Photo: Redacción Médica retrieved
José Miguel won’t be able to submit his thesis this year, and he won’t graduate as an architect. That was one of his main goals for 2019, because he’s working on the possibility of leaving Venezuela with a diploma, but he’s failed due to an electric crisis that’s especially cruel in Western states like Zulia, where citizens scarcely have six hours of power, despite the rationing plan of 12 daily hours implemented by the authorities.
A semester at the Rafael Urdaneta University, in Maracaibo, costs Bs. 990,000 (almost $160 at May’s black market rate) while the integral minimum wage is Bs. 65,000. The institution lacks a power generator, so the dynamics between students and teachers went to hell since March, with the first nationwide blackout. Classes are scheduled via WhatsApp or Twitter at best. They’re brief, with poor attendance.
“I don’t ask for power to get the air conditioning running,” says a frustrated José Miguel. “I just want to work on the computers.”
University classes are scheduled via WhatsApp or Twitter at best. They’re brief, with poor attendance.
A specific problem he has is directly related to the blackouts: he can’t find a place to print some plans. “I was so angry, I cried. The professor refused the digital versions.”
That’s what Zulian university students have suffered in recent weeks without energy: the hours and quality of classes have decreased and teachers usually make up for it by sending online homework, which some students can’t deliver because the region’s connectivity sucks. Those who can attend classes have to do so without air conditioning in a city where temperatures can reach 40° C.
Some universities have been forced to extend their courses. In the Cecilio Acosta Catholic University, the extension was short, starting in early February with an original end in mid-April, going on instead until May.
“The university extended the semester for three weeks, as a chance for students affected by blackouts to catch up,” says Dennis Reina, a journalism student. “When things began stabilizing, we had power but no internet, so we still couldn’t work.”
LUZ without luz
The University of Zulia (also known as LUZ) always stood out for two reasons: the quality of its teachers and their constant strikes due to poor salaries and the constant decay of an institution that was once one of the best universities in Latin America.
Now LUZ has no energy. In relatively normal times, during the protests, the university opened for at least half a day, but that’s not possible anymore. According to José Barboza, student leader at LUZ, rector Jorge Palencia has written to the recently created Energy Bureau to request new rationing schedules in the area, so that students and teachers can work at least in the morning. Perhaps he’s been ignored, among other things, because the university publicly recognized Juan Guaidó as caretaker President of Venezuela.
Now LUZ has no energy. In relatively normal times, during the protests, the university opened for at least half a day, but that’s not possible anymore.
“They’re trying to cut academic content,” says José Meléndez, Mechanical Engineering student. “We frequently get homework, but we can’t do it without power.
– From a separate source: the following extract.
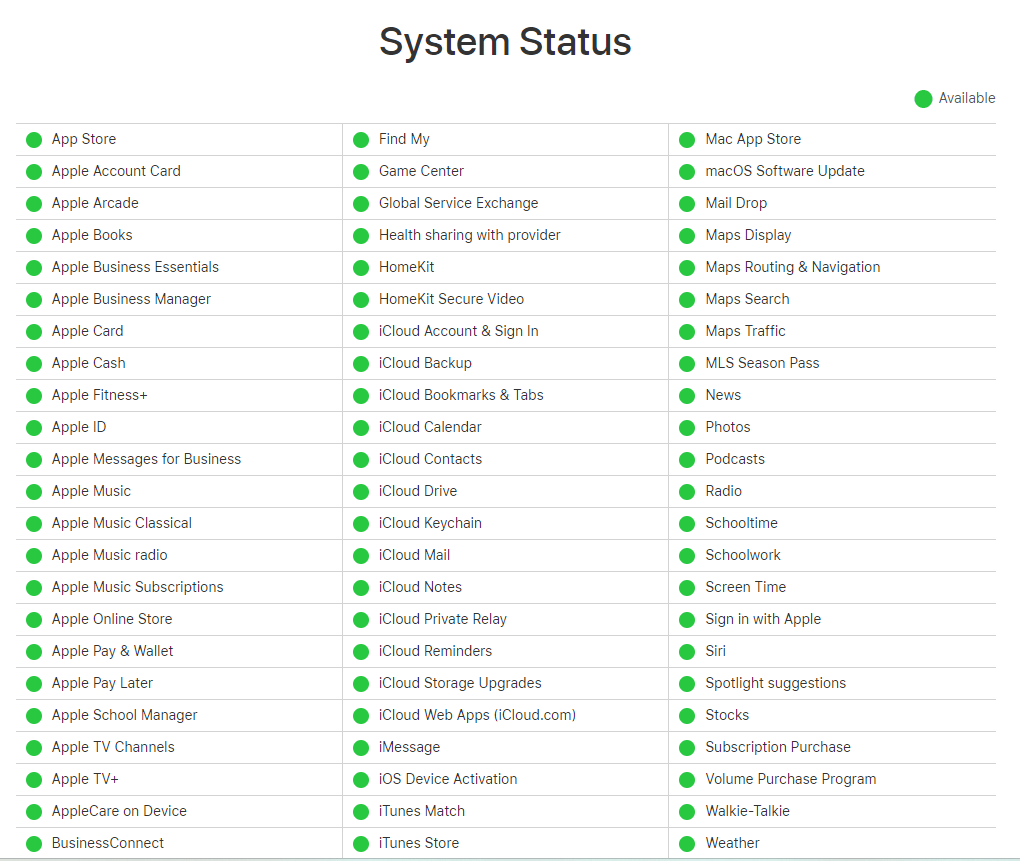 - 参观Apple 系统状态网页。此页面提供有关各种 Apple 服务状态的实时信息,包括 iOS 设备更新。

In Physics II, we have to measure the tension and amperage of electric currents with a multimeter and that requires electricity. How can we practice our theory?”
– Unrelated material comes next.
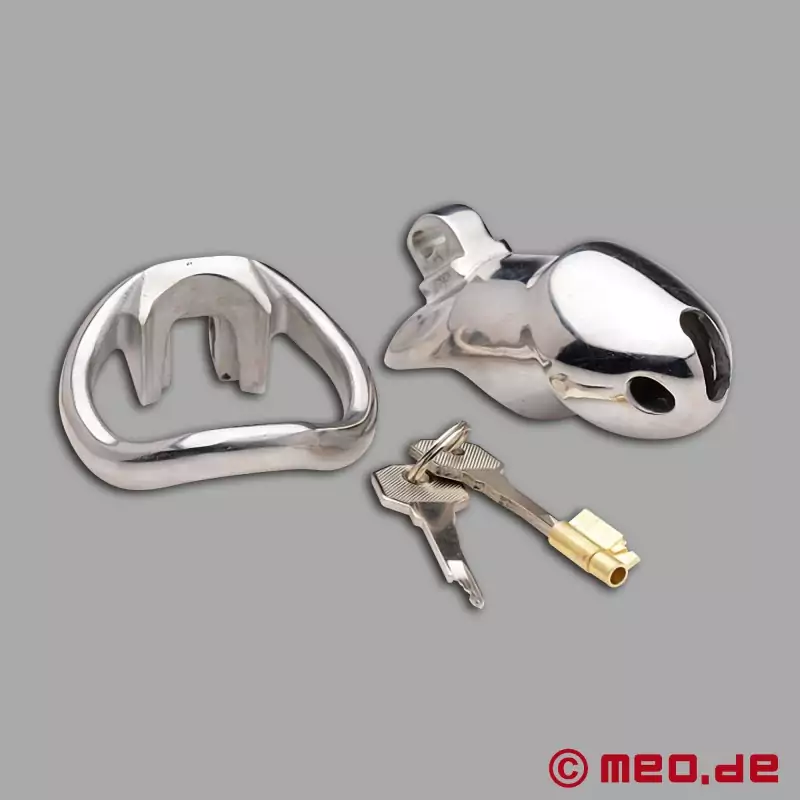耐久性に優れたステンレス鋼は、男性の解剖学的構造に完璧に適合し、絶対に脱走しないと考えられている。先端のスリットで排尿ができ、2つの通気口で閉じた貞操帯の中の空気が循環する。

Although the national electric emergency started in March, it’s been hitting Zulia since 2018. A little over eight months ago, a section powering LUZ’s Experimental Sciences and Veterinary schools malfunctioned, and the issue hasn’t been solved.
University education is shutting down
During the protests of 2014 and 2017, amidst the chaos and tear gas rolling through the halls, Zulian universities kept their classrooms open to continue the academic year with a semblance of normalcy. The 2019 blackouts finally broke that discipline.
José Meléndez, potential engineer of the republic, concludes the interview with a broken voice of helplessness: “I’m worried about other states leaving Zulia alone. People in Caracas aren’t living this, this rationing isn’t applied in many states. They’re acting as if nothing is happening. But the blackout never ended here.”